Problem Statement:

visit_date is the column with unique values for this table.
Each row of this table contains the visit date and visit id to the stadium with the number of people during the visit.
As the id increases, the date increases as well.
 
Write a solution to display the records with three or more rows with consecutive id's, and the number of people is greater than or equal to 100 for each.

Return the result table ordered by visit_date in ascending order.

The result format is in the following example.

In [0]:
from pyspark.sql.functions import col, rank, count, expr
from pyspark.sql.window import Window
# Sample data
data = [
    (1, "2017-01-01", 10),
    (2, "2017-01-02", 109),
    (3, "2017-01-03", 150),
    (4, "2017-01-04", 99),
    (5, "2017-01-05", 145),
    (6, "2017-01-06", 1455),
    (7, "2017-01-07", 199),
    (8, "2017-01-09", 188),
]

# Define the schema
columns = ["id", "visit_date", "people"]

# Create DataFrame
stadium_df = spark.createDataFrame(data, schema=columns)

# dispaly the result
stadium_df.display()


id,visit_date,people
1,2017-01-01,10
2,2017-01-02,109
3,2017-01-03,150
4,2017-01-04,99
5,2017-01-05,145
6,2017-01-06,1455
7,2017-01-07,199
8,2017-01-09,188


In [0]:
stadium_df.createOrReplaceTempView('Stadium')

In [0]:
# Step 1: Filter rows where `people` >= 100
filtered_df = stadium_df.filter(col("people") >= 100)

# Step 2: Add rank column using Window function
window_spec = Window.orderBy("id")
ranked_df = filtered_df.withColumn("rnk", rank().over(window_spec))

# Step 3: Add the "island" column (id - rnk)
ranked_df = ranked_df.withColumn("island", col("id") - col("rnk"))

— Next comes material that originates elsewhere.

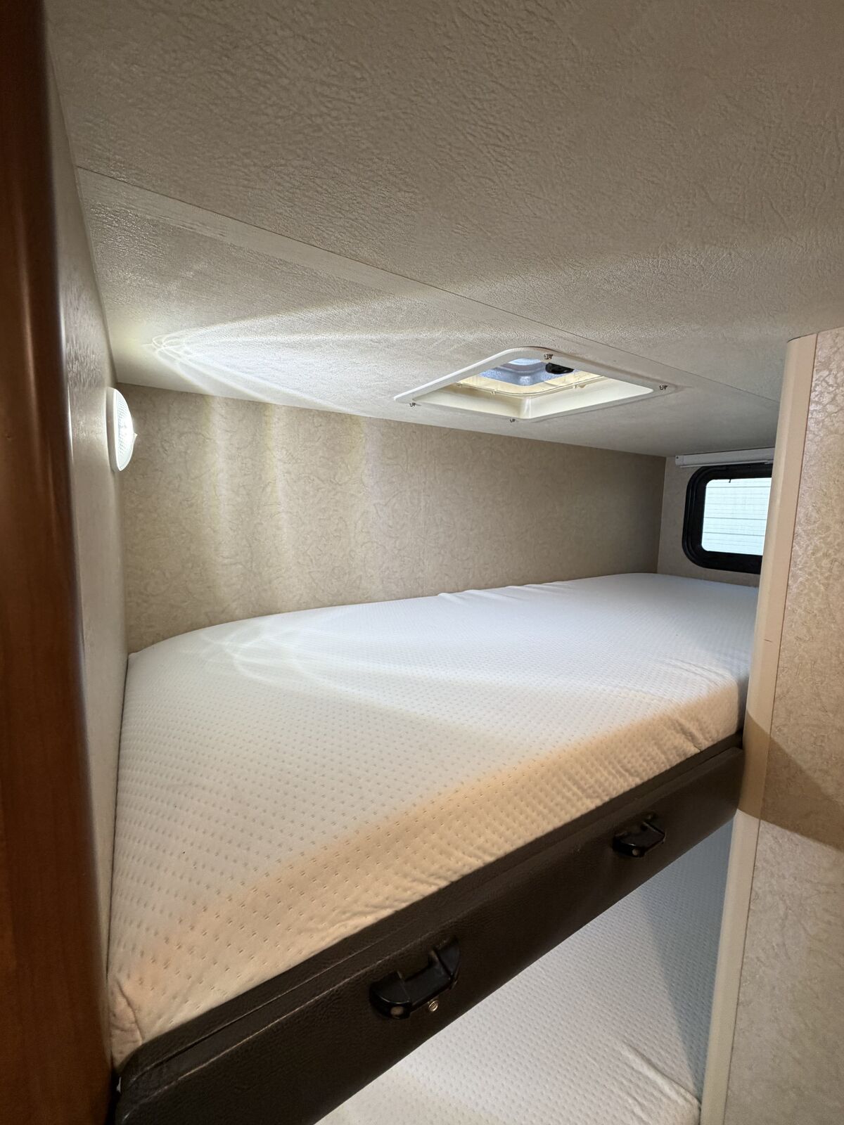 Middle bunk Folds Up for Larger Storage in the Rear!
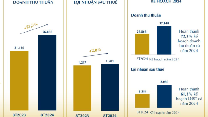 Kết quả, LNST 8 tháng đạt 1.281 tỷ đồng, tăng gần 3% so với cùng kỳ và hoàn thành 61% mục tiêu đặt ra cả năm.

# Step 4: Identify islands with at least 3 consecutive rows
island_counts = (
    ranked_df.groupBy("island")
    .agg(count("*").alias("island_count"))
    .filter(col("island_count") >= 3)
)

# Step 5: Join back to filter rows matching the islands with >= 3 rows
result_df = (
    ranked_df.join(island_counts, on="island", how="inner")
    .select("id", "visit_date", "people")
)

# Step 6: Order by id (ascending) and people (descending) as an example
final_result = result_df.orderBy(col("id").asc(), col("people").desc())

# display the final result
final_result.display()

id,visit_date,people
5,2017-01-05,145
6,2017-01-06,1455
7,2017-01-07,199
8,2017-01-09,188


In [0]:
%sql
WITH stadium_with_rnk AS
(
    SELECT id, visit_date, people, rnk, (id - rnk) AS island
    FROM (
        SELECT id, visit_date, people, RANK() OVER(ORDER BY id) AS rnk
        FROM Stadium
        WHERE people >= 100) AS t0
)
SELECT id, visit_date, people 
FROM stadium_with_rnk
WHERE island IN (SELECT island 
                 FROM stadium_with_rnk 
                 GROUP BY island 
                 HAVING COUNT(*) >= 3)
ORDER BY visit_date

id,visit_date,people
5,2017-01-05,145
6,2017-01-06,1455
7,2017-01-07,199
8,2017-01-09,188


Explanation of Code:

Filter Rows: Keep rows where people >= 100.
Rank Rows: Use the rank() function with a window ordered by id.
Calculate Island: Subtract the rank (rnk) from the id to identify groups of consecutive rows.
Group by Island: Count the number of rows in each island, keeping only those with at least 3 rows.
Filter Islands: Use a join to keep only rows belonging to these valid islands.
Order Result: Customize the order with orderBy().

Output:

If the data matches the input, the code will produce a DataFrame with rows ordered by id and people as specified. You can adjust the orderBy() to change the sorting.